Information shown:
################

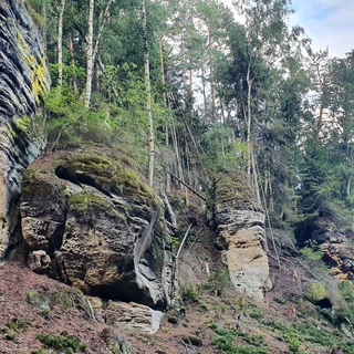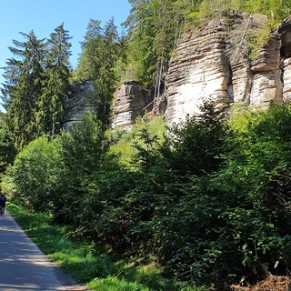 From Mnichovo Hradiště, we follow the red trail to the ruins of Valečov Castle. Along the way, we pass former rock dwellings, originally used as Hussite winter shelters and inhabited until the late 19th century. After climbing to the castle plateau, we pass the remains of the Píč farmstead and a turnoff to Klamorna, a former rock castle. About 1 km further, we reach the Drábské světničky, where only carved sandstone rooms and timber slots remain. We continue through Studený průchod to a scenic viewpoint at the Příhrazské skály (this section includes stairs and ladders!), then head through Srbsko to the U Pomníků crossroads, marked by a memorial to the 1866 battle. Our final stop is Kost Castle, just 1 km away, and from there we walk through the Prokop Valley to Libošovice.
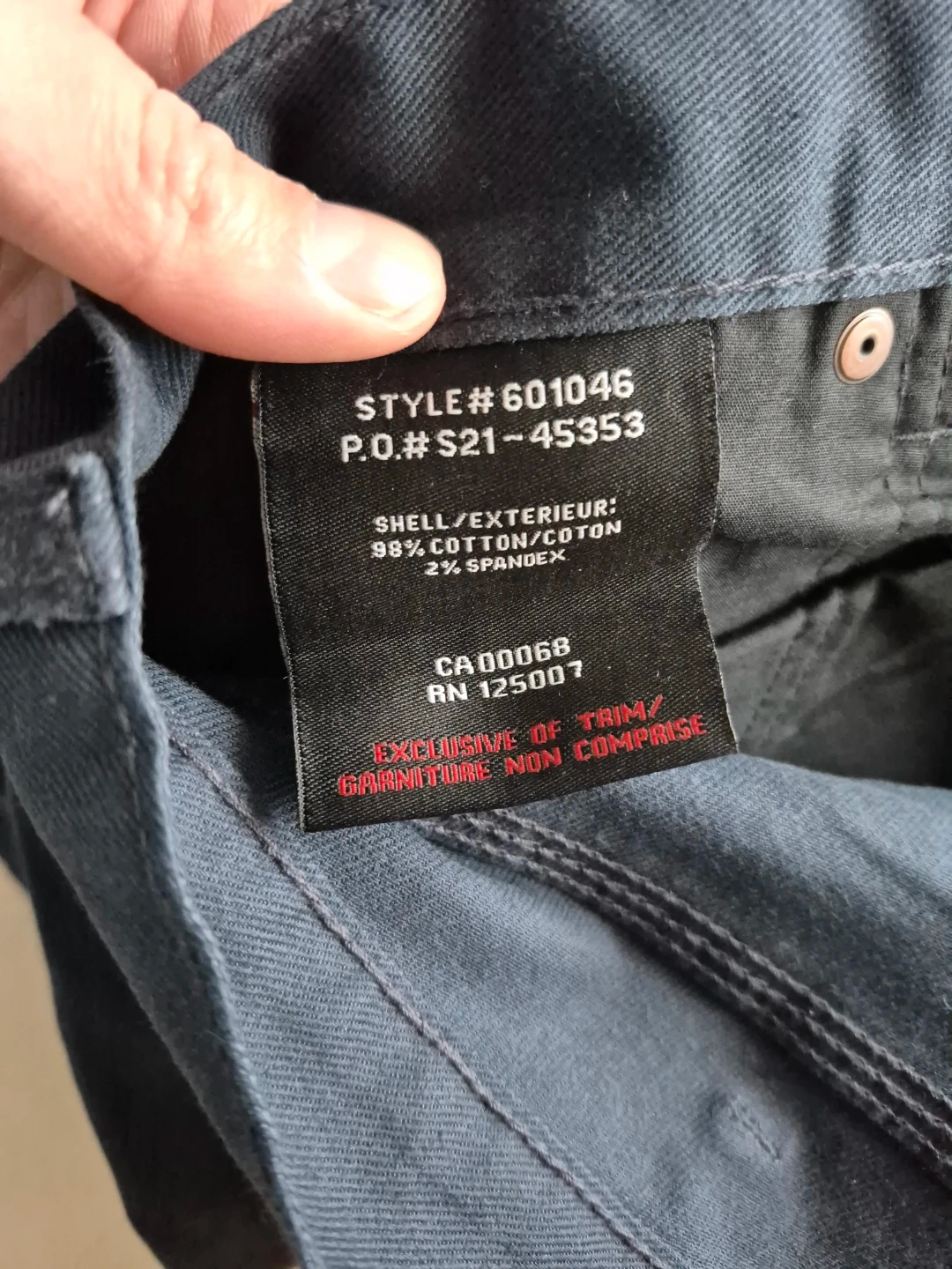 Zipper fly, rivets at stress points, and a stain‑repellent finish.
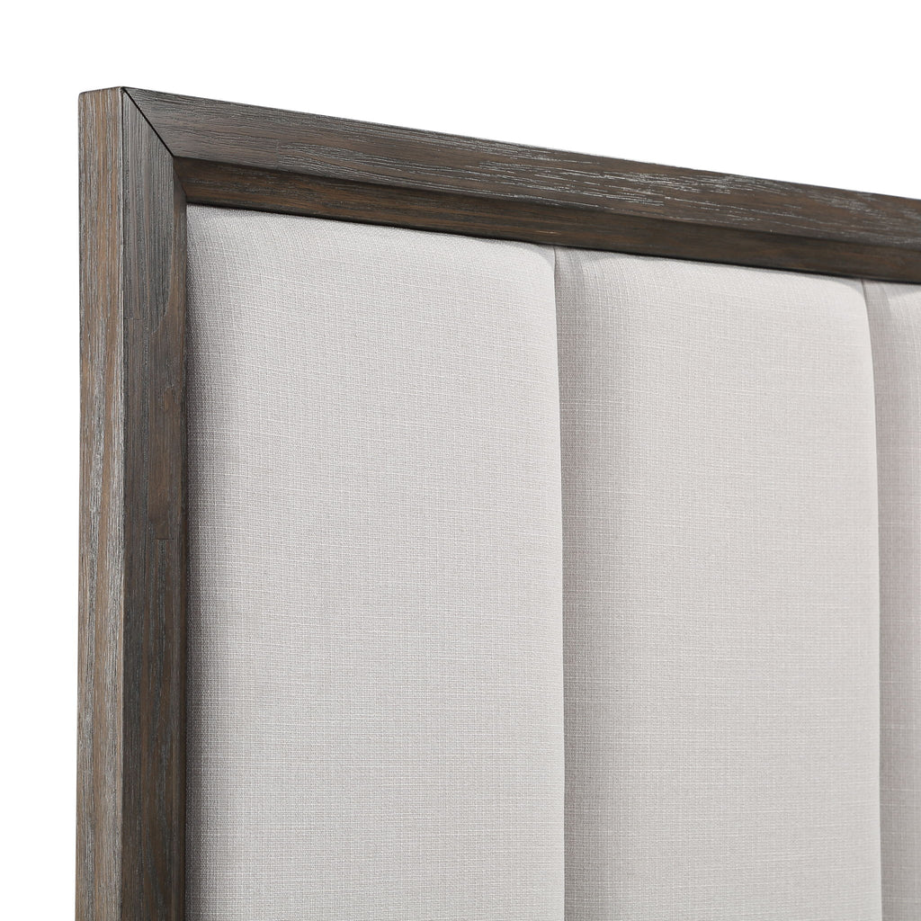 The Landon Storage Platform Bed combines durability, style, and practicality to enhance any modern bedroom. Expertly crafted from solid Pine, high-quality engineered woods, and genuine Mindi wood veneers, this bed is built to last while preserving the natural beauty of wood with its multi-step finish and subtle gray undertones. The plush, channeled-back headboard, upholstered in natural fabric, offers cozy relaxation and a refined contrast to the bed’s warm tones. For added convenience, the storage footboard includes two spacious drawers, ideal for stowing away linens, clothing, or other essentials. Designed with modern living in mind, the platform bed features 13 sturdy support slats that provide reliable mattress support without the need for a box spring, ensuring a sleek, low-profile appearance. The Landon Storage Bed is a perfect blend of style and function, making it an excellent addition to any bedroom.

################

To do: Without any of the pictures, reproduce the listing above exactly.

Written reply:
 From Mnichovo Hradiště, we follow the red trail to the ruins of Valečov Castle. Along the way, we pass former rock dwellings, originally used as Hussite winter shelters and inhabited until the late 19th century. After climbing to the castle plateau, we pass the remains of the Píč farmstead and a turnoff to Klamorna, a former rock castle. About 1 km further, we reach the Drábské světničky, where only carved sandstone rooms and timber slots remain. We continue through Studený průchod to a scenic viewpoint at the Příhrazské skály (this section includes stairs and ladders!), then head through Srbsko to the U Pomníků crossroads, marked by a memorial to the 1866 battle. Our final stop is Kost Castle, just 1 km away, and from there we walk through the Prokop Valley to Libošovice.
 Zipper fly, rivets at stress points, and a stain‑repellent finish.
 The Landon Storage Platform Bed combines durability, style, and practicality to enhance any modern bedroom. Expertly crafted from solid Pine, high-quality engineered woods, and genuine Mindi wood veneers, this bed is built to last while preserving the natural beauty of wood with its multi-step finish and subtle gray undertones. The plush, channeled-back headboard, upholstered in natural fabric, offers cozy relaxation and a refined contrast to the bed’s warm tones. For added convenience, the storage footboard includes two spacious drawers, ideal for stowing away linens, clothing, or other essentials. Designed with modern living in mind, the platform bed features 13 sturdy support slats that provide reliable mattress support without the need for a box spring, ensuring a sleek, low-profile appearance. The Landon Storage Bed is a perfect blend of style and function, making it an excellent addition to any bedroom.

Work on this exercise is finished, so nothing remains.